The door was already open, just a crack, but through the thin aperture, she could see Sabina’s cat. It had one paw around the edge of the door as though she were trying to open it, and she mewed plaintively at Sweeney.
“Sabina?” Sweeney called out, the door yielding to her gentle pressure. It was very cold in the hallway, probably because the door had been left open, and Sweeney shivered as she called out again. “Sabina? It’s Sweeney. I just wanted to see if you’re okay. You seemed pretty shaken up last night.”
Silence. Sweeney stepped carefully over the cat, who was rubbing desperately against her legs. As she came into the morning room, she saw that it was very messy. Papers and magazines lay on the floor, and then as she stood there, she realized that it wasn’t just messy, that someone had knocked these things from the coffee table and the bookcases. Paintings and picture frames lay broken and jumbled on the floor. Shards of glass from a broken vase glittered on the oriental carpet.
“Sabina?” she called again, more desperately this time, going quickly toward the library. “Are you okay?”
In the moment that she saw Sabina’s body lying on the floor of the library, Sweeney felt as though Death had finally shown his face. He had been stalking her all this time, leaving small clues, titillating her with his mysterious ways. But now here he was, in the flesh. And it was Sweeney he sought. She was sure of that now.
She went to Sabina’s body and kneeled down beside her to peer at her eyes, which stared heavenward, dead and empty. Her face was purple and around her neck was a red satin cord. Sweeney saw that it had come from the drapes in the morning room, the strands of glossy crimson rope wound together, the silk tassels hanging ridiculously by Sabina’s waist.
She was wearing only a blue terrycloth bathrobe and it had opened in front to reveal a peek of grotesquely mottled breast, silvery gray hair between her legs.
Sweeney looked up quickly at the wall where the relief by Jean Luc Baladin had been, and when she saw that it was bare, she got up and she began to run, away from Death, away from the evil that had been done here, away from her chaotic confusion about what it all meant.
She ran from the house and didn’t stopuntil she reached the bridge.
TWENTY-EIGHT
“SO THE RELIEF WAS MISSING?” It was much later and Sweeney was sitting in Chief Cooper’s office at the police station, curled in a chair, hugging herself as if she could get warm again.
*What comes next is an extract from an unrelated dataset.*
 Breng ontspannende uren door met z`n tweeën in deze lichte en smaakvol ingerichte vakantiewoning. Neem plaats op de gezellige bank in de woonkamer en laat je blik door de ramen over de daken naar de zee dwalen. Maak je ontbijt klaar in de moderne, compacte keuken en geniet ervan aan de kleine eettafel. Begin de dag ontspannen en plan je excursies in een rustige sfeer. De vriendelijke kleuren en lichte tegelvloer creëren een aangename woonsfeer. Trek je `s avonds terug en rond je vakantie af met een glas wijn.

One of the state investigators—she didn’t remember his name—sat in a chair at the other end of the room, listening.
“You’re sure of that?”
“Yes. I looked up and the whole wall was bare. It’s definitely gone. I looked around the whole room, after I’d realized she was . . . that there was a body.” She was seeing once more the image of Sabina’s eyes, staring up at her.
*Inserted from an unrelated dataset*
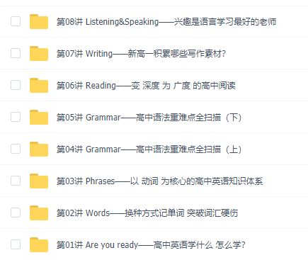 翻开高中英语语法书的目录部分,我们可以看到所有要学习的语法全部在上面。

Cooper said nothing. His eyes were tired and his hands, Sweeney noticed, tremored slightly. “Had anything else been taken?”
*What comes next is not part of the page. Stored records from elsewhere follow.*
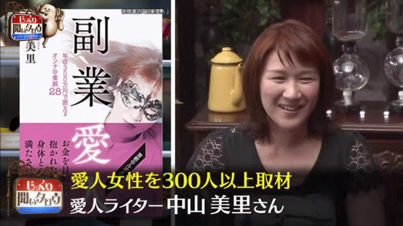 一位名叫中山美里的性產業專家近日登上日本綜藝節目《じっくり聞いタロウ》,討論這個世代由於網路的發達,許多年輕人在求學期間就能使用交友軟體、社群網站等,透過網路去尋找所謂的「財路」,因而衍伸出了「兼職小三」風潮,這種兼職小三比過去傳統的包養不同之處在於,可以選擇固定男生談條件,按「次數」或「天數」付款,意思等於是雙方都可以「想要有關係再發生關係」,不需要被契約綁死。
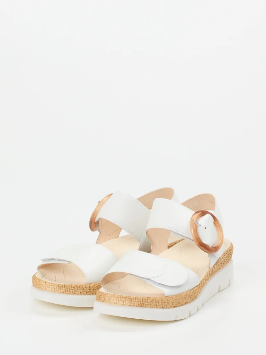 Sommerkomfort mit Stilanspruch.Die Gabor-Plateausandale für Damen überzeugt mit luftiger Offensilhouette und hochwertigen Details. Ein ergonomisch geformtes Komfort-Fußbett und flexible Gummisohle sorgen für entspanntes Gehen im Alltag und auf Reisen. Das fein glänzende Kalbleder in Weiß wirkt in Kombination mit der großen Hornoptik-Schnalle zugleich edel und modern. Die Baststruktur entlang der Zwischensohle unterstreicht die Trendthemen „Natural Textures“ und „Chunky Sandals“ der aktuellen Saison. Dank Klettverschlüssen lässt sich die Weite stufenlos regulieren – ideal für warme Tage. Gabor vereint Komfort, Handwerk und modisches Gespür für entspannte Sommertage.
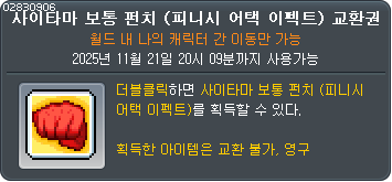 사이타마 보통 펀치 (피니시 어택 이펙트) 교환권 | 1억 메소 주머니 500개 |

She was so tired, she had to fight through a veil of exhaustion in order to focus her eyes on his face. “I don’t know. I’d only been there once. You’d have to ask Willow, or someone who knows. I just don’t . . . I can’t remember.”
He watched her. “Have you ever seen a body before?” he asked quietly. “It can be very disturbing if you haven’t.”
The radio on his desk buzzed suddenly and Sweeney listened to a voice say something about securing Sabina’s house after the body had been taken away. “You’d think so, in my line of work. But I haven’t. It was different than I thought it would be, you know? I think I’d always figured that a dead body would look the way they do in horror films. Grotesque. Violated. But it was just a person, it was just her. Except I knew she wasn’t alive anymore.”
“What made you go and see her?” She had been waiting for him to ask the question and she swallowed hard before telling him about the way Sabina had suddenly stared at the window at the party, and the look of fear that had passed across her face.
“So you think she must have seen something reflected in the window that scared her?”
“It’s the only thing I can think. I was going to make sure she was okay and ask her what it was. But someone . . .”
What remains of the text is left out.